It follows from (A11) that

$$a=C_a{\displaystyle \frac{2\rho r_{\mathrm{S}}^2}{9\mu }},b=a\left(1-{\displaystyle \frac{\delta }{C_a(1-\delta )}}\right),\rho =\left(1-\delta \right){\rho }_{\mathrm{f}}.$$

(5)

Here, C_a and C_L are the added mass coefficient and the lift force coefficient, respectively, d/dt denotes the material derivative of the associated velocity field along its own streamlines, r_S is the radius of the spherical bubbles, the coefficients a and b are derived by considering the Stokes drag, the forces due to added mass and flow acceleration, the lift force and the buoyancy, as explained in Appendix A, which are applicable to gas bubbles (see e.g., Equation (11) in Magnaudet & Eames [22], or Equations (92)–(95) in Legendre & Zenit [23]).

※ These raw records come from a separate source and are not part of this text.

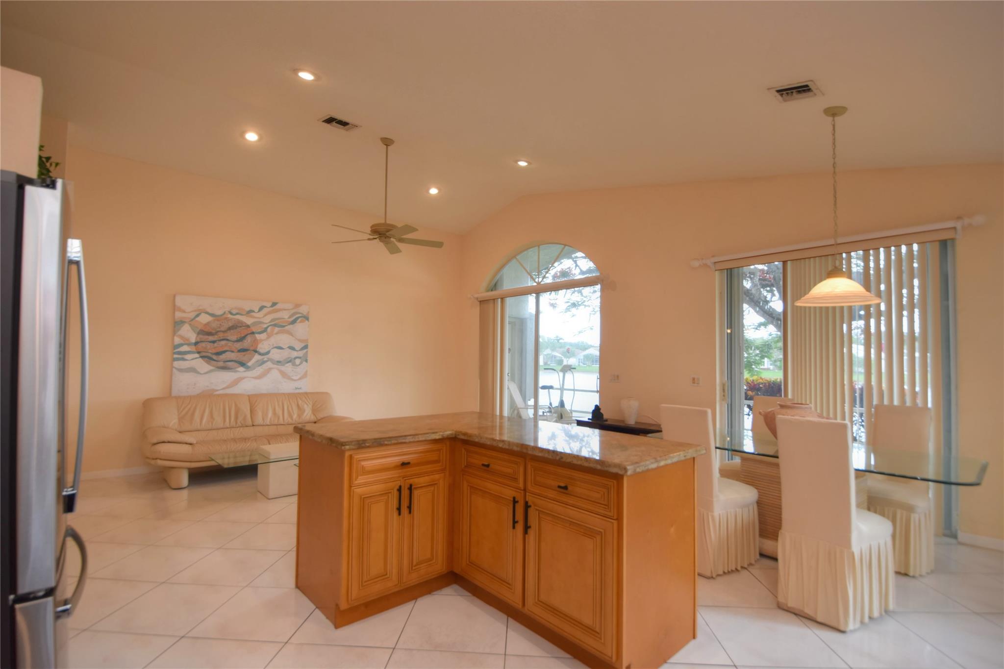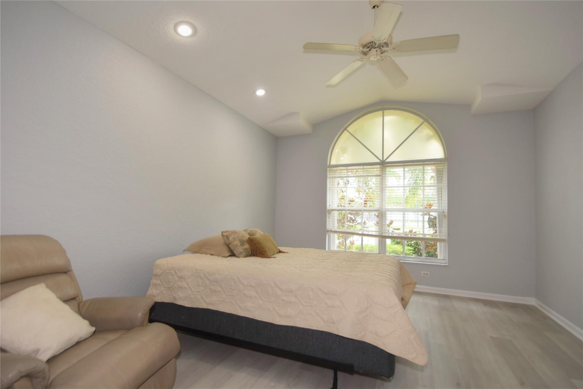 Beautiful Open & Spacious Waterfront Home, Super High Ceilings, High Hats and Fans Throughout. All Brand New Stainless Kitchen Appliances in Open Remodeled Kitchen, Granite Countertops. Unbelievable Master Bedroom Sized 24' X 14' w/ 2Walk In Closets, and New Plank Flooring, Master Bedroom has Bay Windows overlooking Waterfront & French Door opens to Tiled & Screened Lanai. Oversized Master Bathroom as well w H/H Sinks, plus.... Large Guest Bedroom w/Walk IN Closet, also w/newly installed Grey Plank Flooring, 3rd Bedroom as Den/Office w/Wet Bar + Storage Cabs. NEW ROOF to be Installed. HOA Fee incl, Landscaping, Sprinklers, ADT Home Alarm System, Cable, Internet, V-Guard Gated, Tennis & Pickelball, Billiards, Workout Gym, Heated Pool & Jacuzzi, Men & Women Saunas, & Dog Park.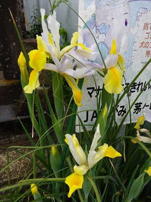 入口には可憐なダッチ・アイリスの花が。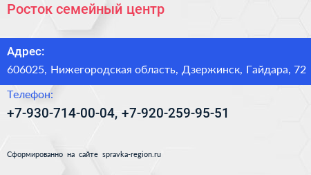 Росток, семейный центр по адресу 606025, Нижегородская область, Дзержинск, Гайдара, 72 в дальнейшем Организация, размещена в следующих категориях: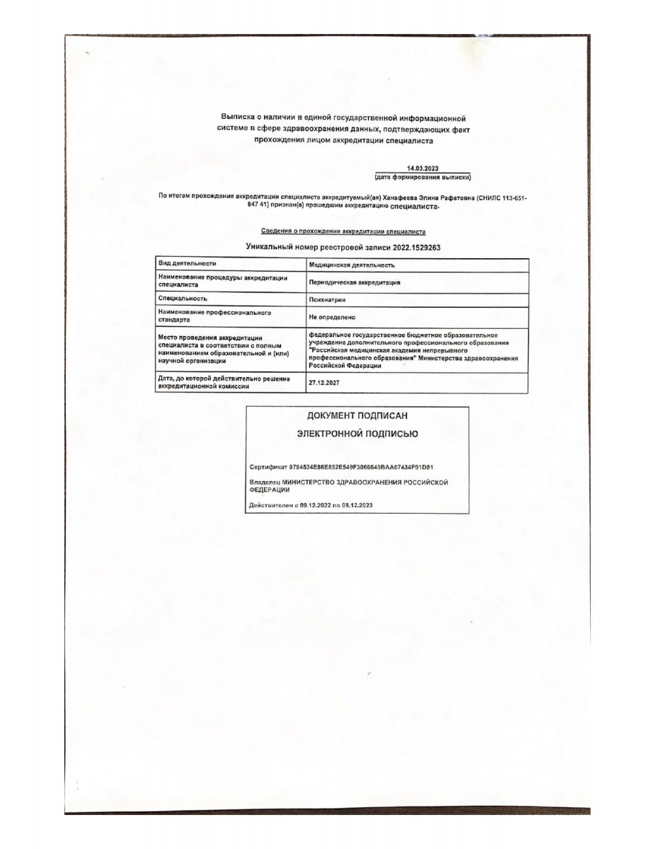 • 27.12.2022 аккредитация по специальности «Психиатрия»

Here, it should be stated that the Stokes drag-based models (μ ≠ 0 included in Equation (5) but not in the Navier–Stokes equations Equation (1)) of particle-laden inviscid fluids have been widely adopted to study linear stability of inviscid particulate flows [24,25,26,27]. For instance, the inviscid version of the Stokes drag-based Saffman model [24] was used by Michael [25] to study Kelvin-Helmholtz instability of particle-laden inviscid flows. Although the fluid viscosity can play an essential role in many flow stability problems, as highlighted in the now-classic reference [28], the study of inviscid flow stability is of fundamental and practical relevance, particularly for the flows away from the solid walls. Therefore, as stated above, it is of specific interest to investigate the influence of a uniform bubble crossflow on the Rayleigh equation, which governs the linear stability of plane inviscid flows.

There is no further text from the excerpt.